What to produce: Set down a faithful copy of every record, and skip the pictures in it.

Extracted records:
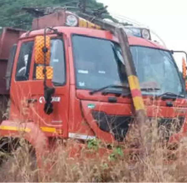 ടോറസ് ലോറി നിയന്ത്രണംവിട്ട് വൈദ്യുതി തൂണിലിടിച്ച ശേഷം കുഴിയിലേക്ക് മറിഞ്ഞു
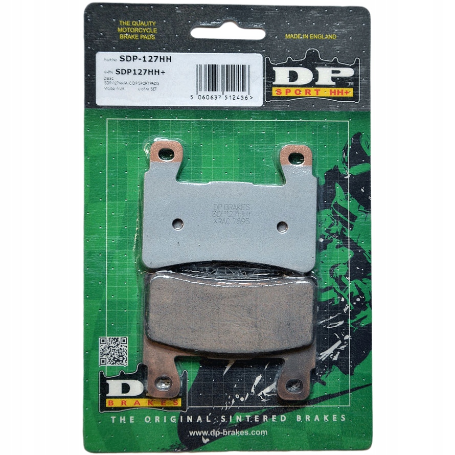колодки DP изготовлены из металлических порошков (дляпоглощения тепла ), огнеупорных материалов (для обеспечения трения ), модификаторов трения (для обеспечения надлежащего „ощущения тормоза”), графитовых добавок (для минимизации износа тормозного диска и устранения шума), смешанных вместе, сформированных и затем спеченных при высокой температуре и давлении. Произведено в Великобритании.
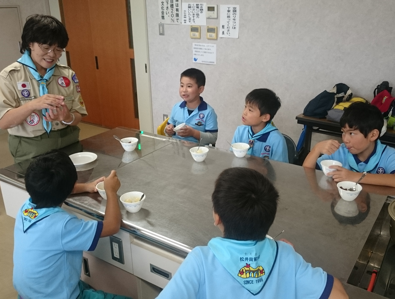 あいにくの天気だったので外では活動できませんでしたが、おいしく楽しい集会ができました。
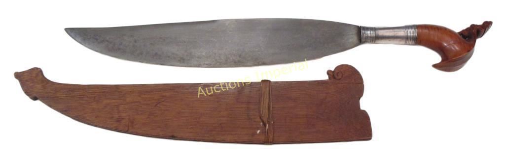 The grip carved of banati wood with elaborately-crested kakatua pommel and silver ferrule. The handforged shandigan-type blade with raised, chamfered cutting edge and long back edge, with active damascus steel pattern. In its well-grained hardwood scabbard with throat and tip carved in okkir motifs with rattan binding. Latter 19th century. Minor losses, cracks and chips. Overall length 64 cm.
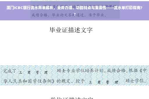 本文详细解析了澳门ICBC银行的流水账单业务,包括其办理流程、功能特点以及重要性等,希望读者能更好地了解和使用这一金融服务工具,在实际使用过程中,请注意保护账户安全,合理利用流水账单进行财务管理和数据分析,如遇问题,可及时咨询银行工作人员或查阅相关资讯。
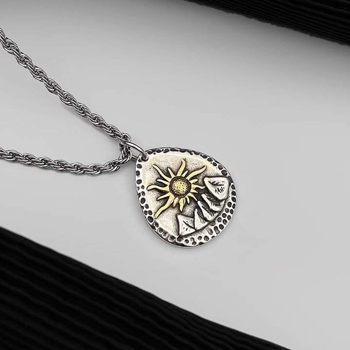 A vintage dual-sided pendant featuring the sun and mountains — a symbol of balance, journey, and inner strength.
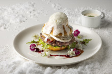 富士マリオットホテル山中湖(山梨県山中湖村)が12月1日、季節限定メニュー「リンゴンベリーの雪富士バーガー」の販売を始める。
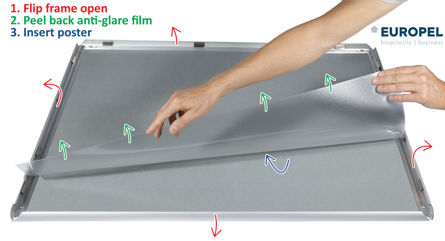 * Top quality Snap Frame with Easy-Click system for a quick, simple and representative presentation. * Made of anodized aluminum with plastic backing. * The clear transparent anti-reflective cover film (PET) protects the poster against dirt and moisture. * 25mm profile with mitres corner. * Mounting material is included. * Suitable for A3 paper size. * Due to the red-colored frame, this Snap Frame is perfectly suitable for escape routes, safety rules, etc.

Exercise result:
 ടോറസ് ലോറി നിയന്ത്രണംവിട്ട് വൈദ്യുതി തൂണിലിടിച്ച ശേഷം കുഴിയിലേക്ക് മറിഞ്ഞു
колодки DP изготовлены из металлических порошков (дляпоглощения тепла ), огнеупорных материалов (для обеспечения трения ), модификаторов трения (для обеспечения надлежащего „ощущения тормоза”), графитовых добавок (для минимизации износа тормозного диска и устранения шума), смешанных вместе, сформированных и затем спеченных при высокой температуре и давлении. Произведено в Великобритании.
 あいにくの天気だったので外では活動できませんでしたが、おいしく楽しい集会ができました。
 The grip carved of banati wood with elaborately-crested kakatua pommel and silver ferrule. The handforged shandigan-type blade with raised, chamfered cutting edge and long back edge, with active damascus steel pattern. In its well-grained hardwood scabbard with throat and tip carved in okkir motifs with rattan binding. Latter 19th century. Minor losses, cracks and chips. Overall length 64 cm.
 本文详细解析了澳门ICBC银行的流水账单业务,包括其办理流程、功能特点以及重要性等,希望读者能更好地了解和使用这一金融服务工具,在实际使用过程中,请注意保护账户安全,合理利用流水账单进行财务管理和数据分析,如遇问题,可及时咨询银行工作人员或查阅相关资讯。
 A vintage dual-sided pendant featuring the sun and mountains — a symbol of balance, journey, and inner strength.
 富士マリオットホテル山中湖(山梨県山中湖村)が12月1日、季節限定メニュー「リンゴンベリーの雪富士バーガー」の販売を始める。
 * Top quality Snap Frame with Easy-Click system for a quick, simple and representative presentation. * Made of anodized aluminum with plastic backing. * The clear transparent anti-reflective cover film (PET) protects the poster against dirt and moisture. * 25mm profile with mitres corner. * Mounting material is included. * Suitable for A3 paper size. * Due to the red-colored frame, this Snap Frame is perfectly suitable for escape routes, safety rules, etc.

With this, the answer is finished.